Ein Grundsatz, der eigentlich nie schaden kann:
Absolut _jede_ Tabelle kriegt als erstes Feld ein unsigned-int[11]-auto_increment-Feld. Das wird der Primary Key.
Ich mache das bei allen meinen Projekten so, es hat sich noch nie als unnötig rausgestellt und schon oft geholfen. Man hat immer eine eindeutige Datensatz-ID, allein das ist schon fast ein Muss. Man kann problemlos mit LAST_INSERT_ID() arbeiten - großer Vorteil. Man kann immer 100%ig sicher bestimmen, welcher Datensatz ge-updated werden soll (UPDATE ... WHERE id = '123').

Martin


----------



## mschuetzda (27. Oktober 2004)

... und es hat den Vorteil, dass man die eigentlich eindeutigen "primary key Kandidaten" ohne Folgeprobleme updaten bzw. ändern/korrigieren kann,.


----------



## Radhad (28. Oktober 2004)

Hat nur einen Nachteil, wenn die Tabelle selbst aus einem Mehrteiligen Primary Key besteht, wo die ID eigentlich unnötig ist...  Also laut Normalform würde ich nicht immer eine ID einführen.


----------



## mschuetzda (28. Oktober 2004)

ja aber,  nicht Normalform hat manchmal theopraktische Vorteile.


----------



## ManicMarble (28. Oktober 2004)

Radhad hat gesagt.:
			
		

> Hat nur einen Nachteil, wenn die Tabelle selbst aus einem Mehrteiligen Primary Key besteht, wo die ID eigentlich unnötig ist...  Also laut Normalform würde ich nicht immer eine ID einführen.

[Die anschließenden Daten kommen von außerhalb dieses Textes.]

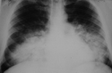 Bilateral symmetric alveolar opacities located centrally in mid and lower lung zones are typical, often in a "bat wing" distribution
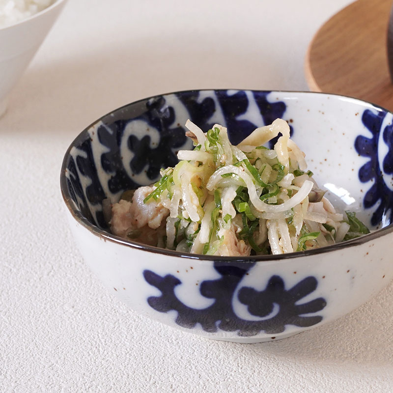 食卓のアクセントになる、白と青のコントラストが美しい台形小鉢。 台形小鉢 10.5cm
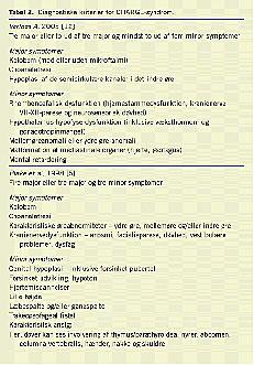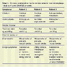 Siden 1981 er de kliniske kriterier for CHARGE blevet revideret flere gange (Tabel 2 ) [5, 11, 12]. Kriterierne stammer fra tiden, før molekylærgenetisk diagnostik var til rådighed. De tre danske patienter opfyldte de diagnostiske kriterier i henhold til Pagon og Blake [4, 5]. De opfyldte ikke Verloes ' kriterier, men dette kan skyldes, at der ikke blev foretaget CT af indre øre. Aplasi/hypoplasi af de semicirkulære kanaler er påvist hos 95-100% af CHD7- mutationspositive patienter, der har fået foretaget CT af det indre øre [8, 9].
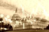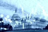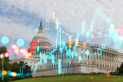 U.S. Capitol building with abstract financial chart overlays illustrating economic concept on a cityscape background in America under cloudy sky.

Normalisierung hin oder her - für mich zählt der praktische Nutzen. Und eine ID-Spalte mag ja manchmal tatsächlich überflüssig sein, wirklich schaden tut sie eigentlich nie.

Natürlich gibt es (oft) Fälle, wo andere Schlüssel gebraucht werden, die sind auch oft kombiniert und/oder UNIQUE. Aber PRIMARY ist bei mir einfach immer die ID.
Selbst reine n:m-Beziehungs-Tabellen haben bei mir mindestens 3 Spalten: neben den Verknüpfungs-Spalten (bspw. x_id und y_id) die von mir aus auch indiziert sind gibts eben noch die Primary-Key-auto_increment-Spalte id, die den Verknüpfungs-Tabellen-Datensatz eindeutig identifiziert. Ja, das ist manchmal nicht nötig - oft stellt's sich aber später als hilfreich heraus.

Martin


----------



## Geshrec22 (30. Oktober 2004)

Hmmm ich war bisher eigentlich auch immer der Meinung das ein dritter Column bei n:m Sachen sinnlos ist... Kannst du mal genauer spezifizieren wobei die dritte Spalte hilfreich sein könnte? Würde mich interessieren...


----------



## ManicMarble (30. Oktober 2004)

Ok, ich ändere die Wortwahl:
Es ist OFT nicht nötig - MANCHMAL stellt's sich aber später als hilfreich heraus.

Hilfreich ist's zum Beispiel, wenn man per PHP eine HTML-Dropdown-Liste füllt (<select>). Man kann dann bei den <option>s einfach die ID der Beziehungs-Tabelle als value hernehmen. Gäb's die nicht, dann müsste man als eindeutige DS-Identifikation eine Kombination aus x_id und y_id mit einem Trennzeichen dazwischen basteln und das dann wieder auseinanderpfriemeln, um den vom Anwender ausgewählten Beziehungs-Datensatz exakt zu bestimmen. Klar, das geht auch, ist aber umständlich. Ich schrieb ja auch "hilfreich" und nicht "notwendig"  .


----------



## Geshrec22 (30. Oktober 2004)

mhja... hast auch wieder recht 
 ich hab den fall auch gerade ^^
 vonwegen pfriemeln....

 Übrigens danke nochmal für deine Hilfe in dem anderen Thread....


----------